I love to write. And, for as long as I can remember, people have encouraged me to do so. More specifically, to write a book. Some said it jokingly because it seemed as though there was always some sort of drama going on (which, for awhile, there was). I’d joke along with them about the many potential future chronicles. Others felt that I should share my story to bring encouragement to others going through their own hard times. Undoubtedly, God has been faithful to meet me in some painful seasons of life and I was well aware that the comfort I received was something I needed to pass along to others…

Though writing a book was, in fact, something that I desired to do, I always felt the time was not right; that it would take place years, possibly even decades, down the pike. And to be perfectly honest, why would anyone want to hear from some random chick in New York? What right did I have to even pursue such a lofty endeavor? Sure God has brought me through some terrible circumstances but "those" days were over. And "those" circumstances included memories that I could have gone without remembering. Not to mention the people it could effect. Yes, God has brought me through some real storms and through the fire. I was finally on the other side of "those" times and tremendously thankful to be out and not have to return to such deep pain. No, I decided to stick to blogging for leisure as I figured out what it was that I was supposed to be doing with my life. Besides, if the opportunity ever did arise for a book to be written, I was sure that by that time, the right topic would have become clear. Of course, I figured "that" time was far, far away.

Well, the topic did become clear. And so did the confirmation. 
Much earlier than I anticipated. And then came the next confirmation. And the next one. And wide open doors to write. And promises from the Word. And encouragement from others. And countless confirmations after that. So I began to write. And write some more. Online and offline. The topic was finally clear however, as time went by, the ability to sit down and actually write about it became difficult. Opposition kicked in hard in a variety of ways and my specific focus began to fizzle out which eventually affected my writing overall. But I chalked it up to the fact that “maybe it’s just not the right time.” Rather than acknowledging that all the opposition and distraction was basically proof that it really was time.

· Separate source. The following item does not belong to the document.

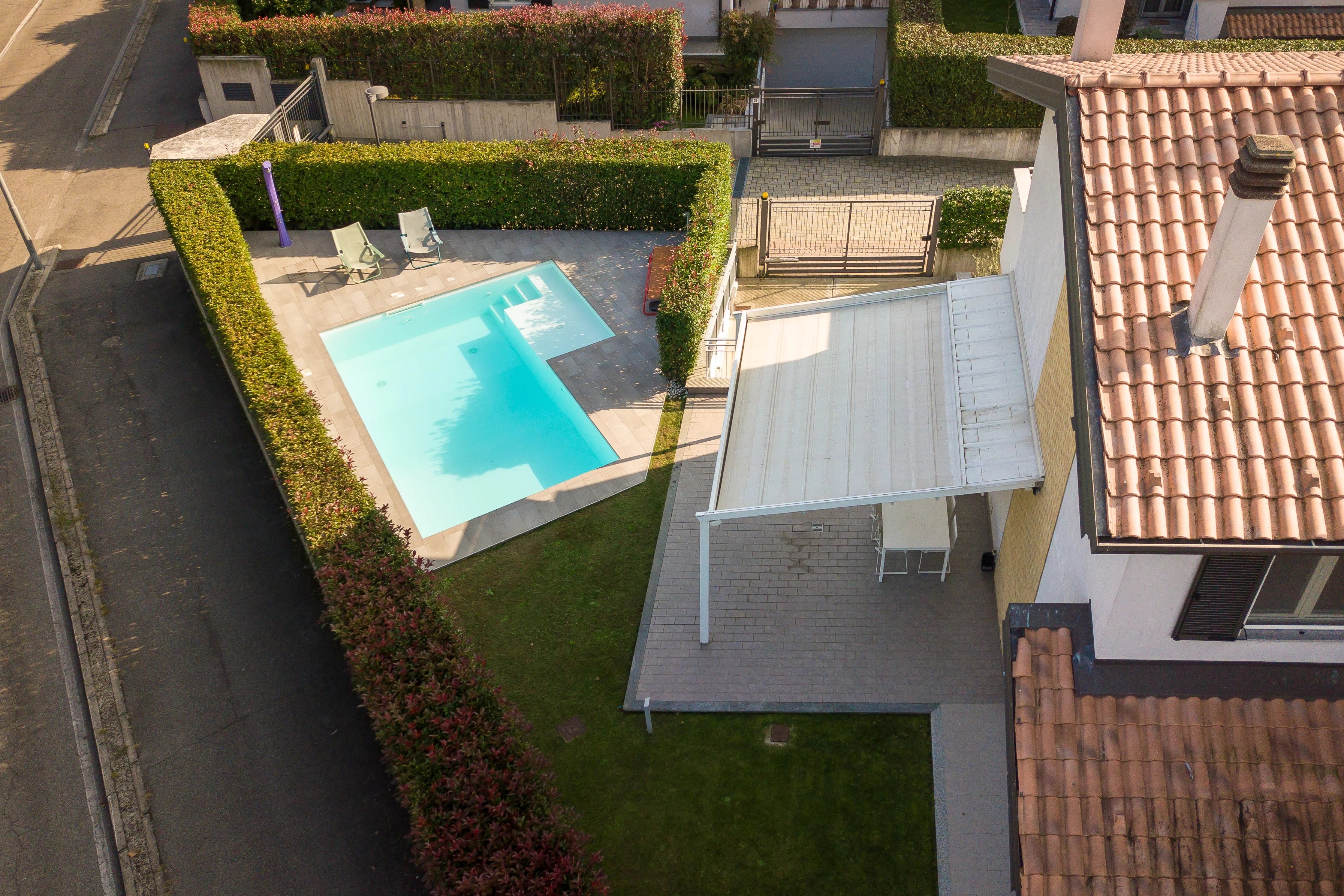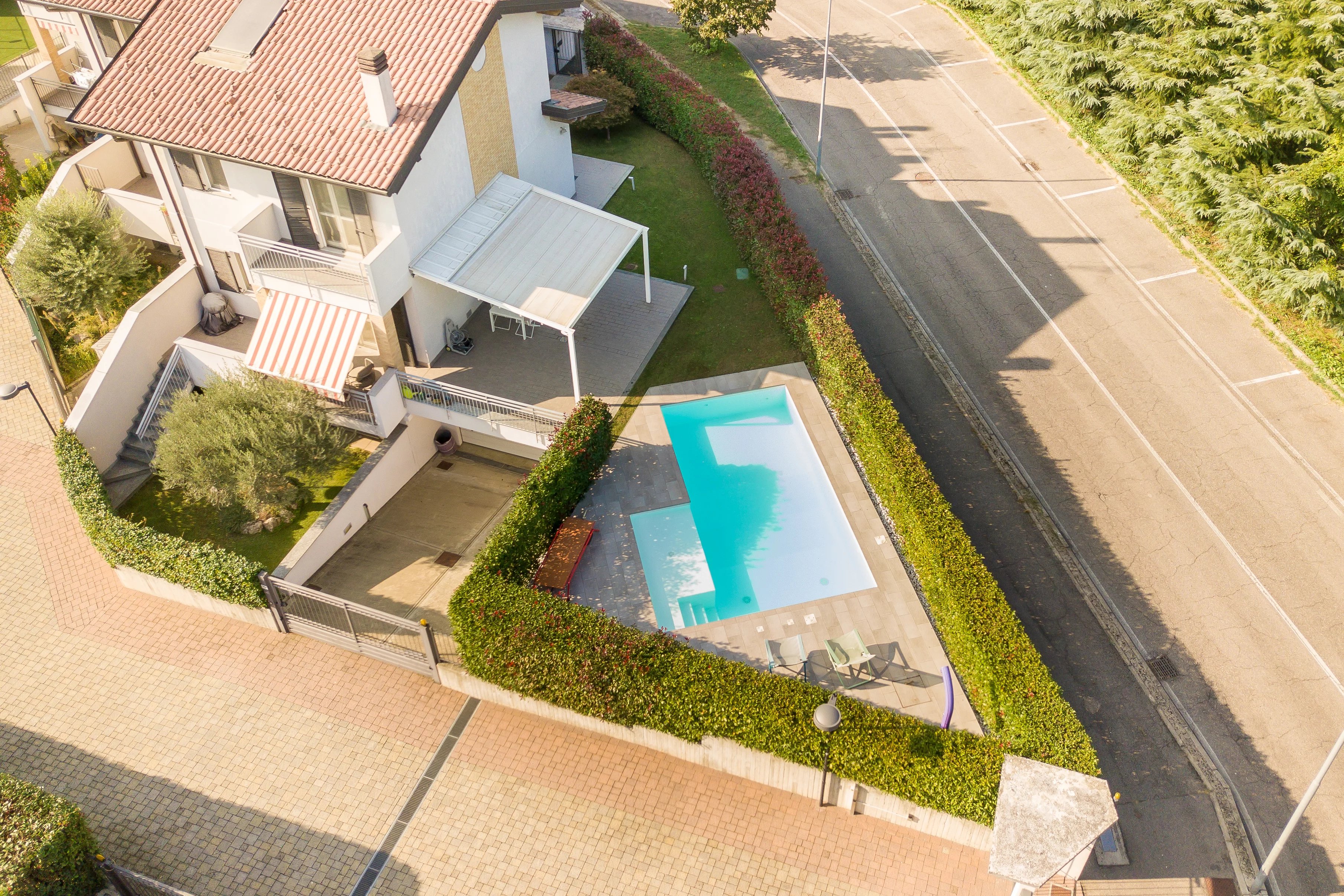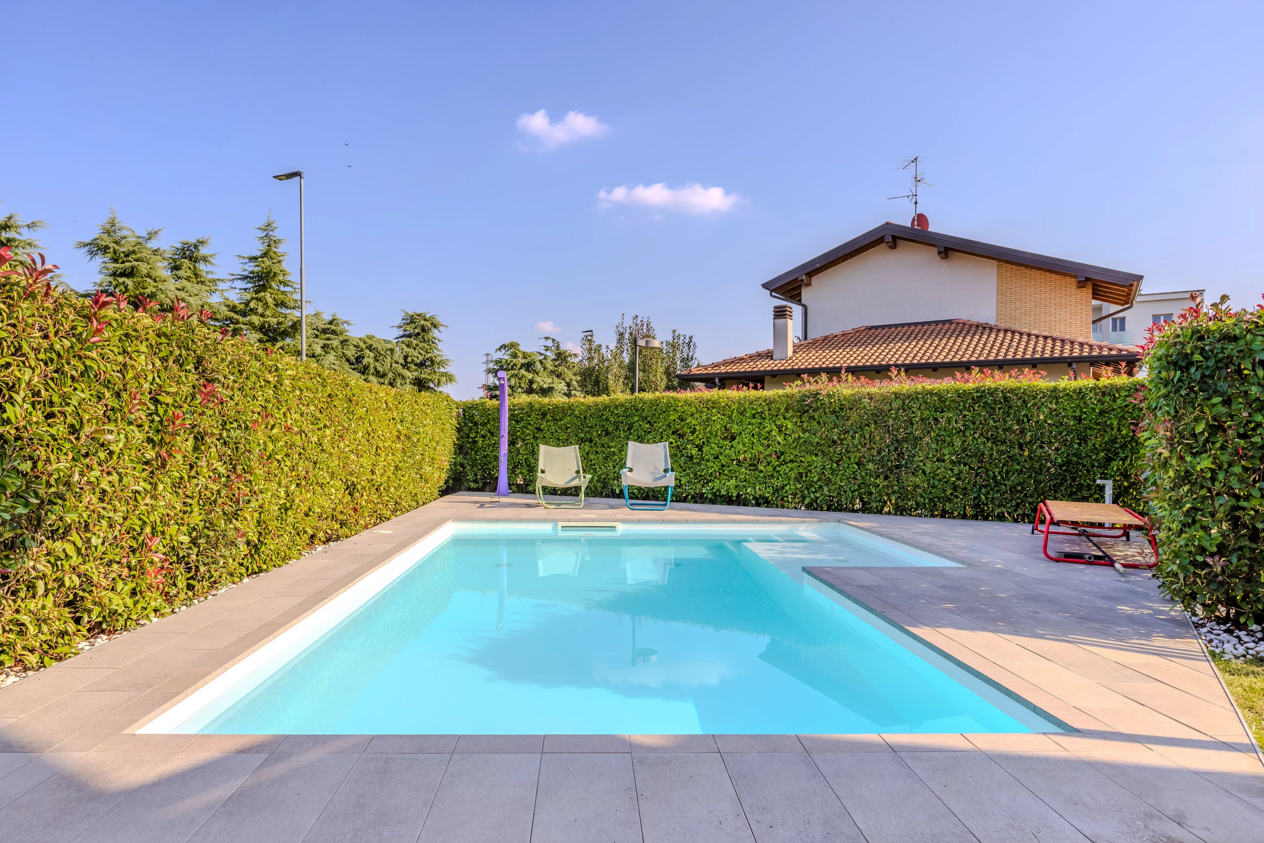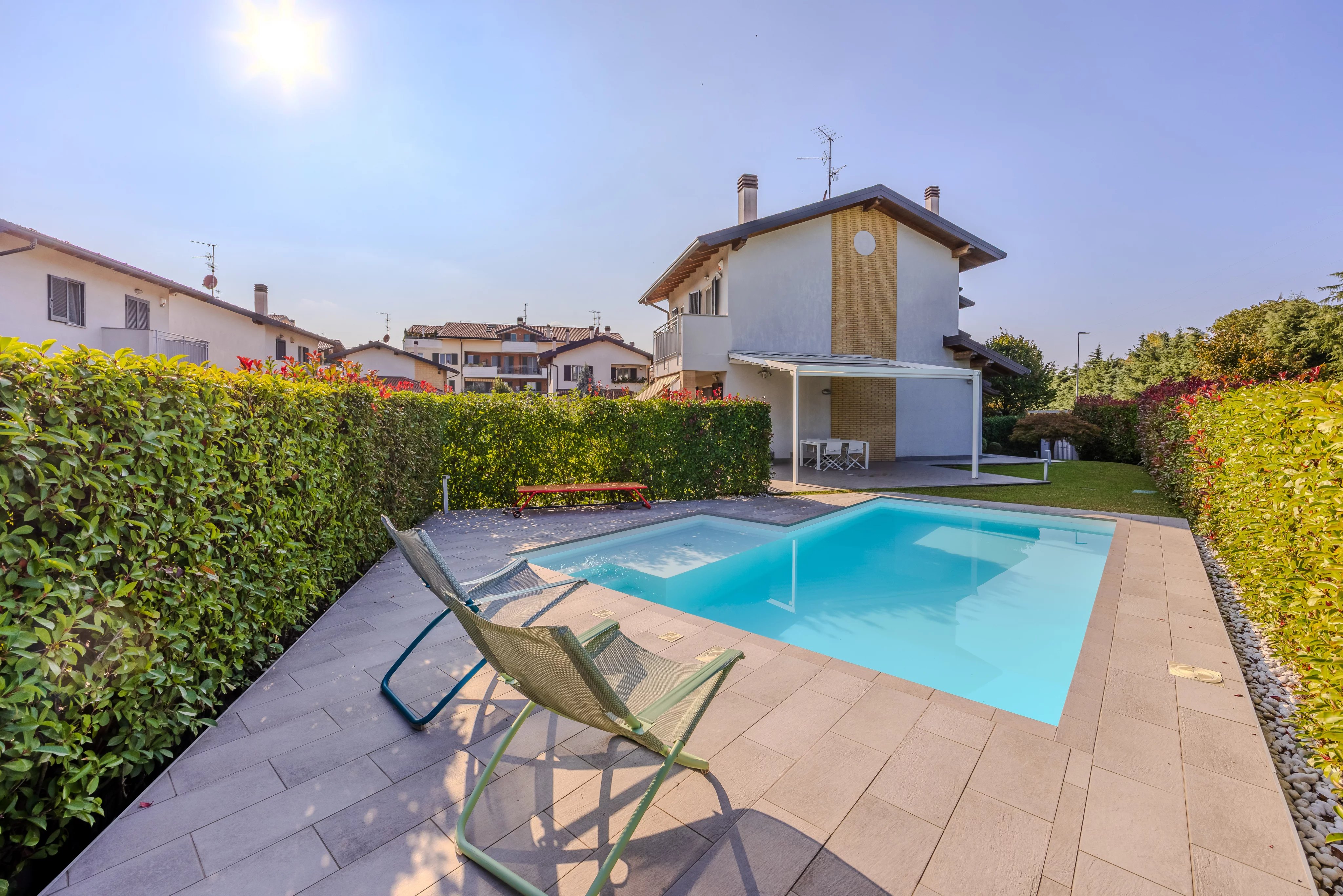 Il punto forte di questa proprietà è l'esterno. I 270 mq di giardino privato sono un'oasi verde, dominata da una splendida PISCINA che promette indimenticabili momenti di relax e divertimento estivo.

Fast forward a little more… I hit a wall in my writing… which is no secret to any of you who regularly pass through this space. I tried to justify the absence by the fact that I’ve continued to write offline here and there or that “maybe it’s not a season for me to blog” or because I’ve been busy. I wish I could give you a legit explanation but I honestly can’t. The fact of the matter is, I have no valid excuse except for outright laziness and disobedience. I’ve been off the radar in the blogosphere and the bottom line is that I have not been a good steward of what God has entrusted to me. So, rather than write a bunch of fluff about that, I’m hitting the reset button and am starting over. (Hallelujah for God's grace!). The Lord made it real to me tonight at my church’s prayer meeting (which I plan to write more about on another day cuz God met me in an awesome way) that it’s time to get back in the game.

So here I am. I’m back. Stay tuned… There’s much to share. :)

pressing on toward the goal…

(and jumping up and screaming like Tyson Chandler… in a very writer-like way...) 



2 comments:

MOM said...

Our God is faithful and the vision awaited an appointed time!

David Wilma McClelland said...

Glad you're back. Can't wait to see what God is doing!